Problem statement → Please restate the data below word for word, omitting all images.

Available data →
━━━━━━━━━━━━━━━━━━━━

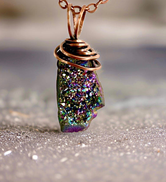 Electroplated Crystal Druzy and Solid Copper Necklace-Hand Crafted-Healing Wrapped Oxydized 99.99% Solid Copper, Recycled Materials-Unisex
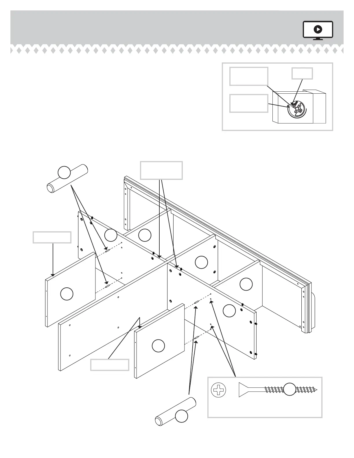 Fasten the SHELVES (H) to the UPPER UPRIGHTS (D). Use
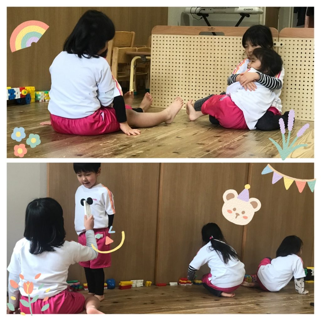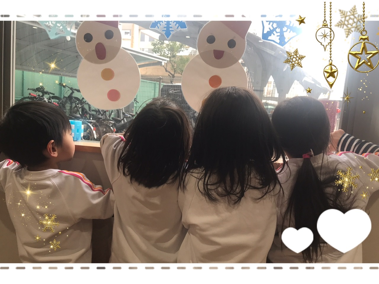 窓の外に降る雪を見て、喜んでいた子ども達❄︎

━━━━━━━━━━━━━━━━━━━━

Response box →
 Electroplated Crystal Druzy and Solid Copper Necklace-Hand Crafted-Healing Wrapped Oxydized 99.99% Solid Copper, Recycled Materials-Unisex
 Fasten the SHELVES (H) to the UPPER UPRIGHTS (D). Use
 窓の外に降る雪を見て、喜んでいた子ども達❄︎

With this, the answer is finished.